In total, 4.150 billion euros will be allocated on the basis of trade criteria, 600 million euros according to the fishing factor and 250 million euros under the test of border maritime zones.
> What are the next steps?
If the council’s proposal is ready to be negotiated, the MEP’s proposal must receive a green light from Parliament during the first plenary session in June, which should be a formality. The trial would then begin: the stage of negotiations between the European Council and the Parliament, which would have to put their proposals face-to-face and enter into an agreement under the auspices of the European Commission, which would play its arbitration role.

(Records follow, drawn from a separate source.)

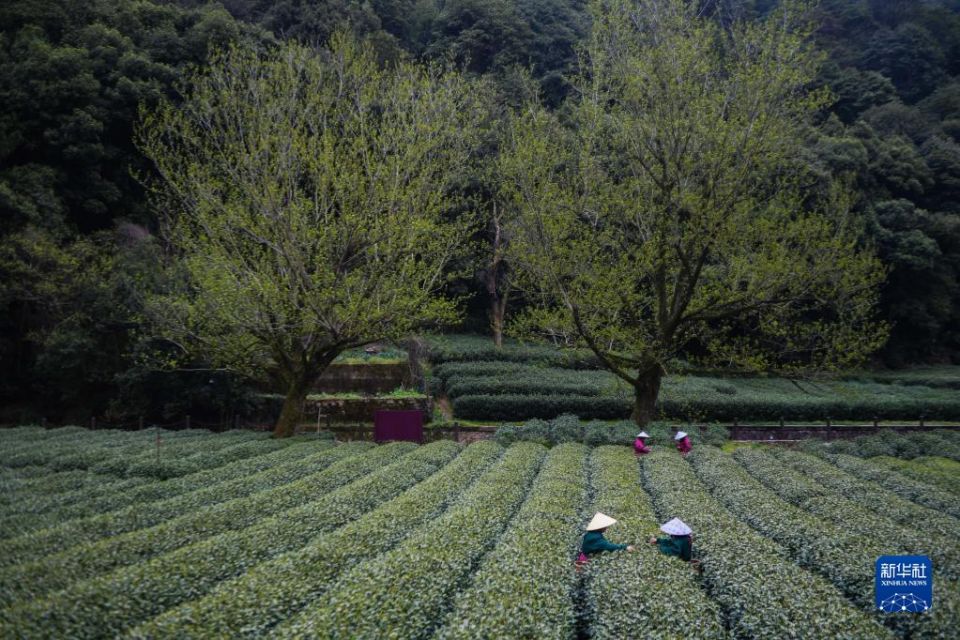 浙江杭州西湖龙井茶一级保护区梅家坞村的茶农在采摘西湖龙井“明前茶”(2022年3月18日摄)。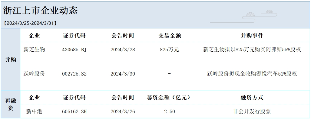 3月25日-3月31日,全国无企业向发审委提交首发申请;2家浙江公司发布并购重组公告,1家浙江公司发布再融资公告。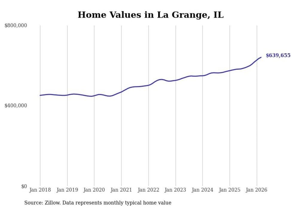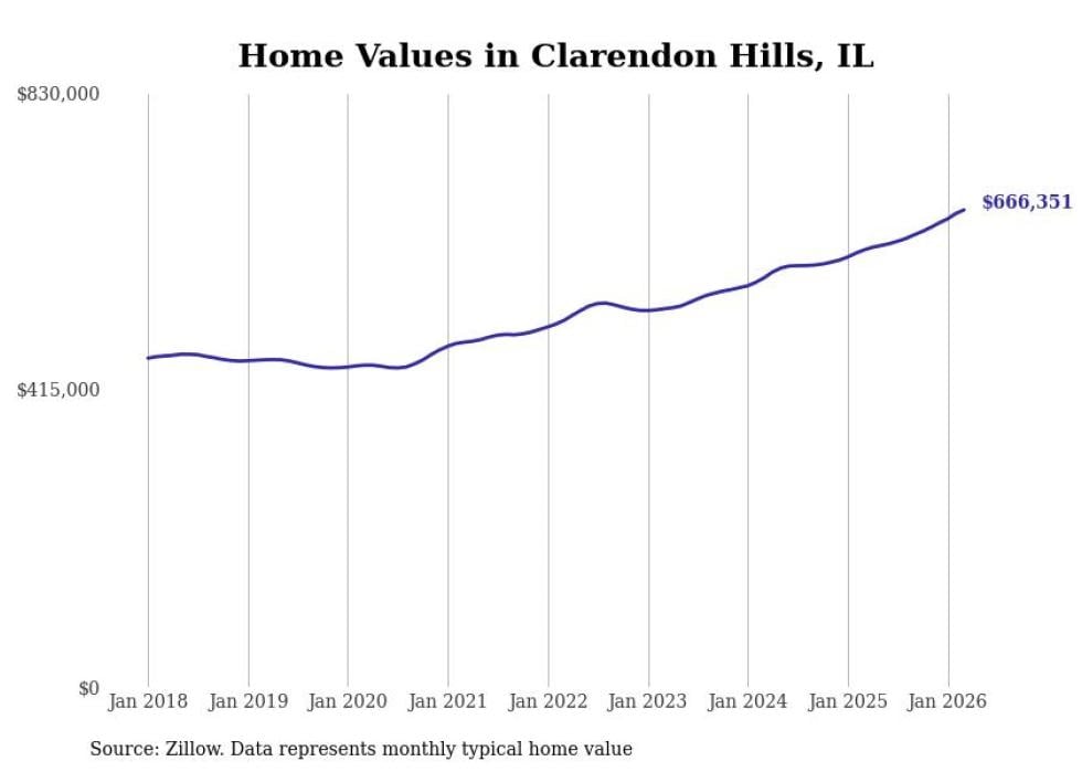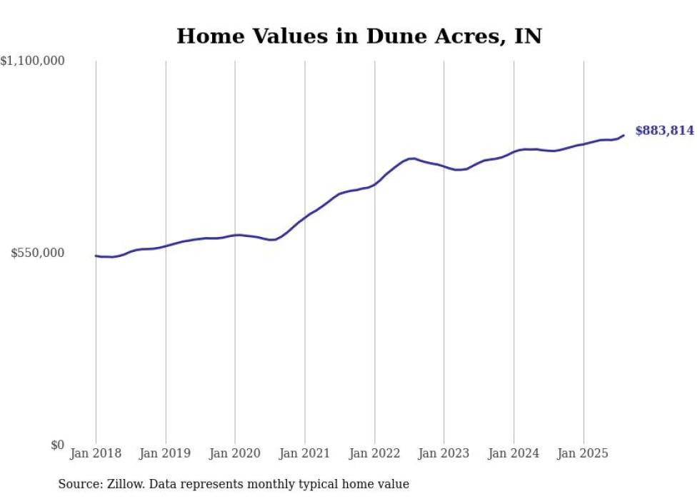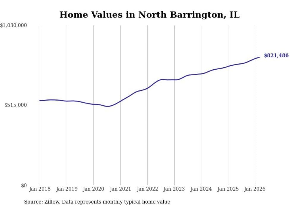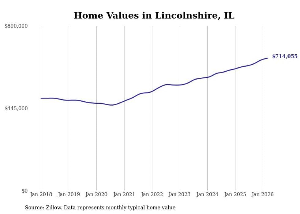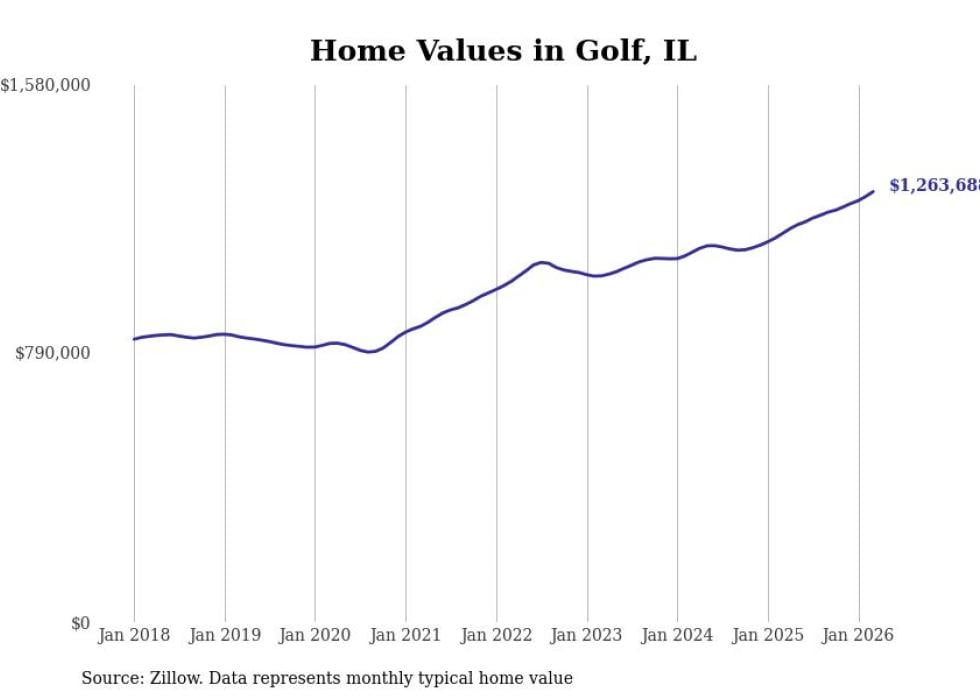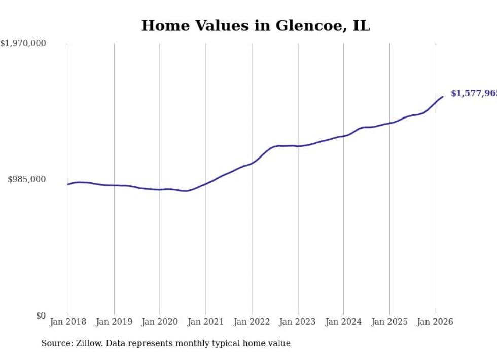 Stacker compiled a list of cities with the most expensive homes in the Chicago-Naperville-Elgin, IL-IN-WI metro area using data from Zillow. Charts show the monthly typical home value since January 2018.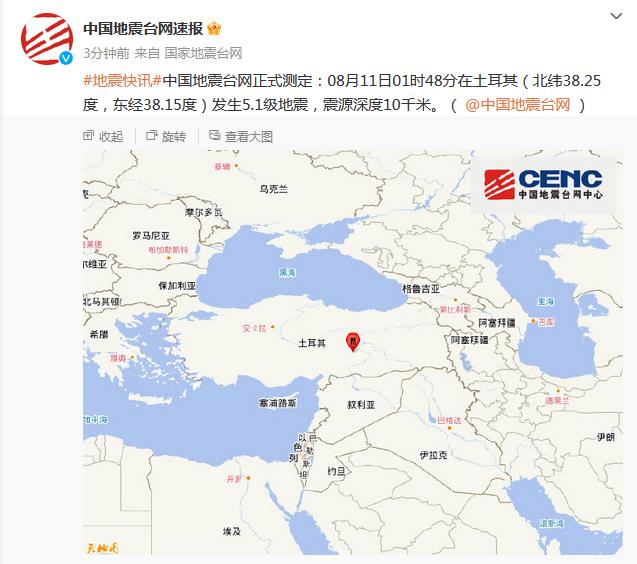 中新網(wǎng)8月11日電 據(jù)國家地震臺網(wǎng)官方微博消息,中國地震臺網(wǎng)正式測定:8月11日01時48分在土耳其(北緯38.25度,東經(jīng)38.15度)發(fā)生5.1級地震,震源深度10千米。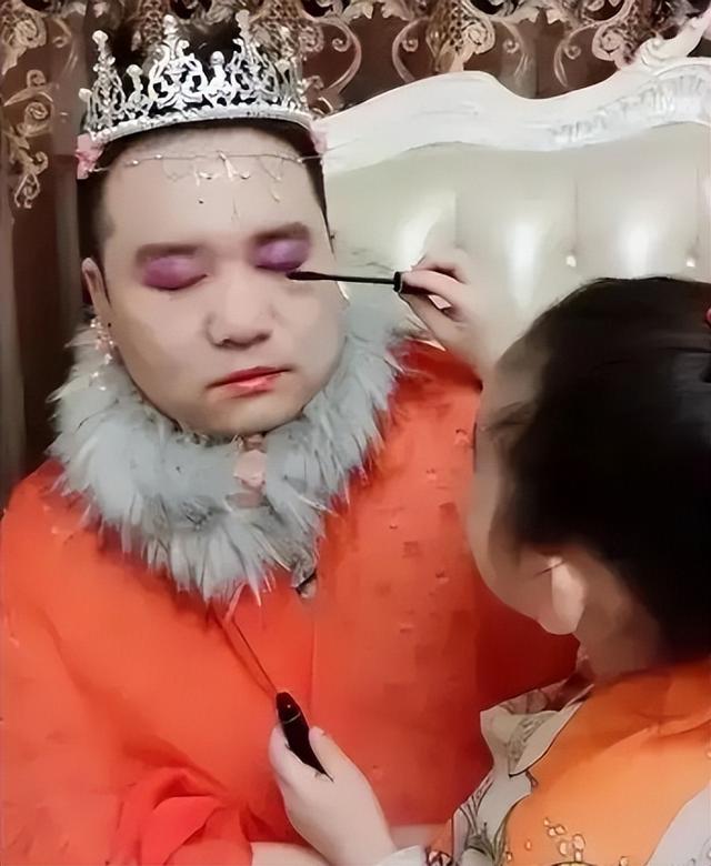 首先出场的是这位“贵妇”老爸,紫色的眼影,bilibili的彩妆,头上的王冠、还有额头的饰品,配上一副生无可恋的表情,这画风也是清奇的很;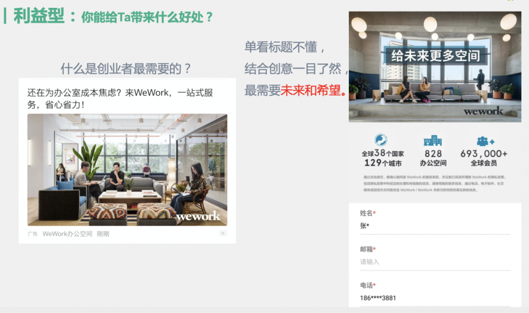 左侧是共享空间wework的信息流广告:“你是不是还在为办公室成本而焦虑?” 点进去的落地页标题很巧妙,他并没有自己夸自己,说自己便宜便宜大减价(wework也并不便宜),wework知道自己面对的是什么样的顾客——在寻找高品质办公环境、同时还能不那么贵的、一批创业者。

As noted above, points of disagreement remain, particularly on the payment schedule and eligibility period of the investment that may be covered by the fund. Nevertheless, the Council and the European Parliament already agree on the most sensitive point of distribution key. Therefore, the amounts to be distributed among the member states are similar in the two resolutions, making the discussions very convenient.
Pascal Arimont said, “I think this part of the file that I find the hardest has been settled before the trial began.” Hence a certain optimism about the possibility of reaching an agreement at the end of June.